The day on campus has hardly been normal. Normal days don't begin with tributes to slain members of the Virginia Tech family.
BLACKSBURG, Va. -- Thousands of Virginia Tech students and faculty filled the center of campus Monday to pay solemn tribute to the victims of last week's massacre — listening quietly as a bell tolled for the dead on the day classes resumed at the grief-stricken school.
An antique 850-pound brass bell was installed on a limestone rostrum for the occasion, and 33 white balloons were released into the air in memory of the 32 victims and the gunman, Seung-Hui Cho. About 1,000 balloons in Virginia Tech colors — maroon and orange — were also released.
"I've been back with my friends, but I don't know how it's going to feel, seeing the empty seats in the classroom, noticing the people who aren't here anymore," said David Patton, a 19-year-old freshman who was friends with two victims. "I'm wondering where they are now, if they are in heaven, and when I'll see them again."
The chimes of the bell echoed through the campus, covered with a week's worth of memorials and tributes to the students, including flowers, writings and candles.
The bell rang at 9:45 a.m., around the time when Cho killed 30 students and faculty members in a classroom building before committing suicide. The tribute lasted 11 minutes, as the bell rang for each of the victims and Cho.

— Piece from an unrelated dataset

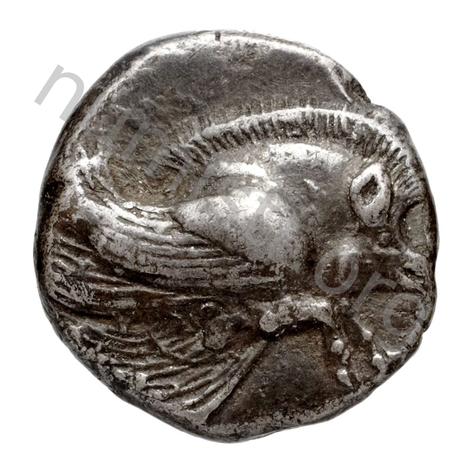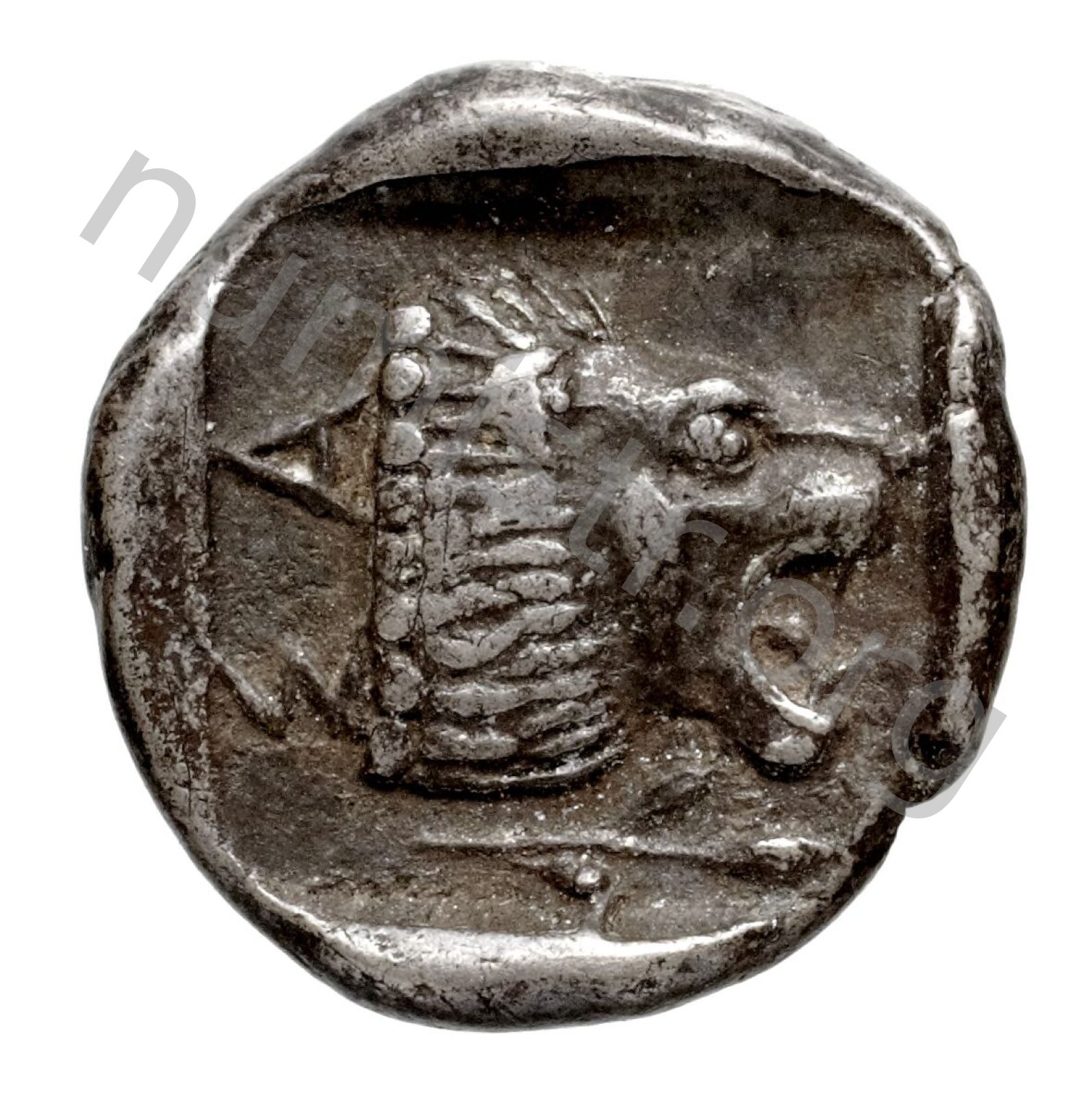 Head of a lion roaring in an incuse square with dotted border -[en]

As the crowd broke up, people started to chant, "Let's Go Hokies" several times.
...A moment of silence was also observed at about 7:15 a.m., near the dormitory where Cho's first victims, Ryan Clark and Emily Hilscher, were killed.
In front of the dorm, a small marching band from Alabama played "America the Beautiful" and carried a banner that read, "Alabama loves VT Hokies. Be strong, press on."
Afterward, a group of students and campus ministers brought 33 white prayer flags from the dorm to the school's War Memorial Chapel. They placed the flags in front of the campus landmark and adorned them with pastel-colored ribbons as the Beatles' song "The Long and Winding Road" played through loudspeakers.
...On the main campus lawn stood a semicircle of stones — 33 chunks of locally quarried limestone to remember each of the dead.
Someone left a laminated letter at Cho's stone, along with a lit purple candle.
"Cho, you greatly underestimated our strength, courage and compassion. You have broken our hearts, but you have not broken our spirits. We are stronger and prouder than ever. I have never been more proud to be a Hokie. Love, in the end, will always prevail. Erin J."
In all of these tributes, Cho is included -- the tolling of the bell 33 times, the releasing of 33 white balloons, the displaying of 33 white prayer flags and 33 chunks of limestone in remembrance of the dead.
Question: Was 33 the right number?
Should the killer be memorialized alongside his victims?
Recall the Columbine controversy.
Creating a suitable, permanent memorial to the victims of the Columbine High School massacre will be a daunting task. Greg Zanis, a good man trying to do the right thing, made the point dramatically if inadvertently last week.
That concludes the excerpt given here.